Joluś- na pewno podlewanie nie było przyczyną pokropienia. Ja podlewam ... powiedzmy systematycznie... a deszczu ani widu ani słychu! Twój argument o właściwym kolorze podoba mi się niezmiernie!!!
Agnieś- pomigrenowe wspomnienie majaczy niewyraźnie w przeszłości... Oj... ranek przyniósł prawdziwą ulgę! Dziękuję za pochwały... Odwdzięczę się niebawem.... hm... Może Augustą L?
Maju- aj tam brak taktu od razu... ot... pogadałyśmy, ale w tym przypadku każda o czymś nieco innym... Normalnie... jak w życiu! Oj, żabciu Ty moja....
Grażynko- "zapuściłam żurawia" na podaną stronkę. No i trzeba będzie dokładniej pooglądać!
MarioTereso - niektóre angielki mam na poziomie oczu... Jak trzeba kwiat podnoszę dłonią... Klękam tylko do Pat Austin, a i to mam nadzieję się zmieni.

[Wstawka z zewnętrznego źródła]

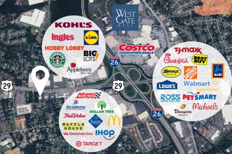 Newly renovated with great co-tenancy, vanilla shell delivery, growing retail area, easy access to Hwy 29, I-85, and I-26. Includes drive-thru. Located near major retailers: Kohls, Target, Hobby Lobby, Sam's Club, Costco, Lowes, Home Depot, Chick-Fil-A, Panera Bread, PetSmart, Walmart, Aldi, and Starbucks.

Jak na razie jestem na etapie wybaczenia angielkom ich skromnie opuszczanych głów, tym bardziej, że z wiekiem trzymają je nieco bardziej hardo... No i nie bez znaczenia jest to, że radzą sobie w moim ogrodzie znacznie lepiej niż, powiedzmy ogólnie, róże niemieckie.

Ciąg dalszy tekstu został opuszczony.